▶ [YOUR GOAL] Without the pictures, give the listing below again exactly.

▶ [GIVEN MATERIAL]
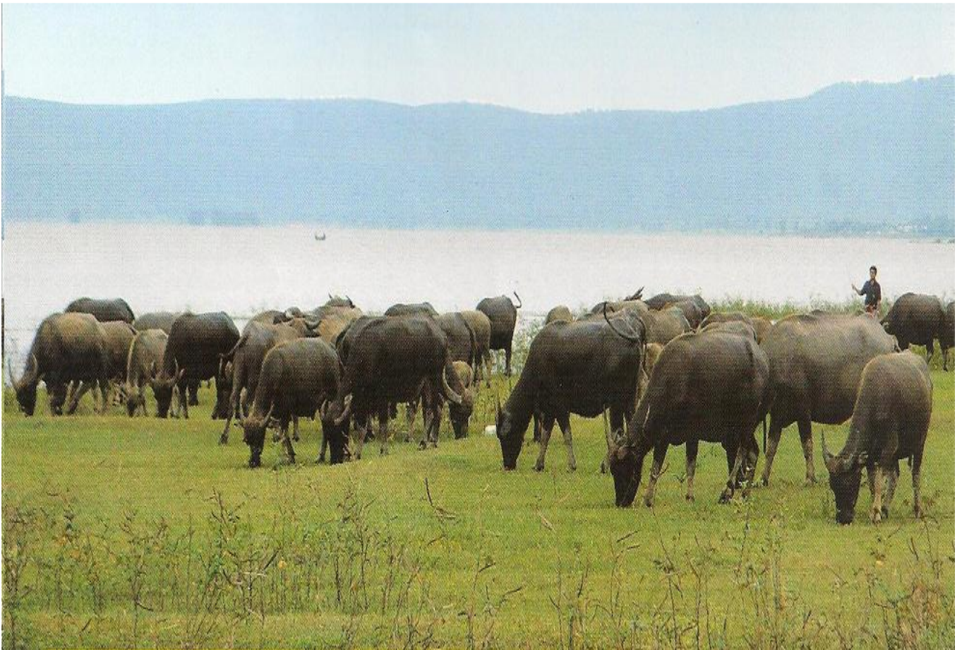
Buffaloes in Thailand
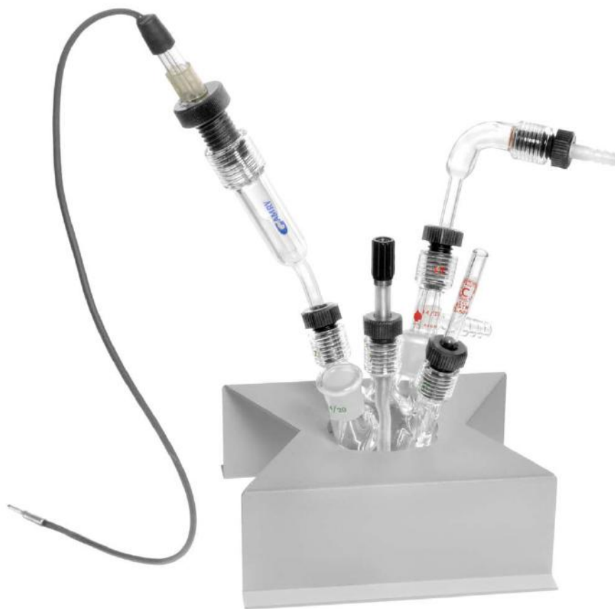
Figure 1 The Standard Configuration of Dr. Bob's Cell

You should pay careful attention to cell cleanliness. In most electrochemical testing situations, contaminants in the cell and test solution can lead to poorly reproducible results.

▶ [OUTPUT OF THE EXERCISE]
Buffaloes in Thailand
Figure 1 The Standard Configuration of Dr. Bob's Cell

You should pay careful attention to cell cleanliness. In most electrochemical testing situations, contaminants in the cell and test solution can lead to poorly reproducible results.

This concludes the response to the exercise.